New Hubble Discovery May Help Explain The Formation Of Supermassive Black Holes

By David Wharton | 9 years ago

If you follow astronomy much, you’ve probably heard of the idea that our galaxy has an enormous black hole at the center of it. Sort of like a donut, if the hole in the middle swallowed up all light and deformed spacetime in the vicinity. (Come to think of it, I actually have eaten a few donuts like that…) Our galaxy isn’t alone in this feature, either; scientists believe that many galaxies sport one of these interstellar road hazards at their center. Aside from rendering the plot of Star Trek V even more nonsensical, this raises the question of how these supermassive black holes are formed. Now a new discovery by NASA’s Hubble space telescope may help scientists understand this process, as well as providing a snapshot of the development in action.

The subject in question is a mid-sized black hole residing near “the edge of the galaxy ESO 243-49, 290 million light-years from Earth.” This is one of the first medium-sized black holes ever discovered, and scientists believe that it may have once served as the core of a small dwarf galaxy, one which has since slammed into ESO 243-49 (pictured above). That collision would have shredded and cannibalized the dwarf galaxy, stripping away its stars and leaving the black hole trapped on its outer edge. The idea is that the supermassive black holes are formed from collisions like this one, when smaller black holes impact and merge with each other.

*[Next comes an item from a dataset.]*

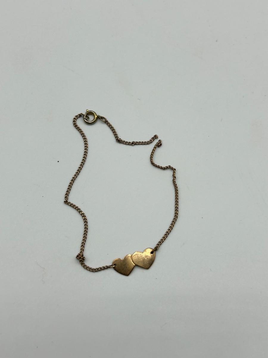 Vintage 10k Yellow Gold Double Heart Bracelet Anklet for Repurpose or Repair

The idea of this galactic fender-bender is supported by the observation of a cluster of young, blue stars, possibly less than 200 million years old, near the mid-sized black hole. These baby stars would have been formed by the impact of the two galaxies. Sean Farrell, of the Sydney Institute for Astronomy in Australia, explains:

Before this latest discovery we suspected that intermediate-mass black holes could exist, but now we understand where they may have come from. The fact that there seems to be a very young cluster of stars indicates that the intermediate-mass black hole may have originated as the central black hole in a very-low-mass dwarf galaxy. The dwarf galaxy might then have been swallowed by the more massive galaxy, just as happens in our Milky Way.

To give you a sense of scale, this “mid-sized” black hole “has an estimated weight of about 20,000 solar masses.” That’s 20,000 times the mass of our own sun. To make your head swim even more, the black hole at the center of our galaxy is believed to have a mass of more than 4 million solar masses.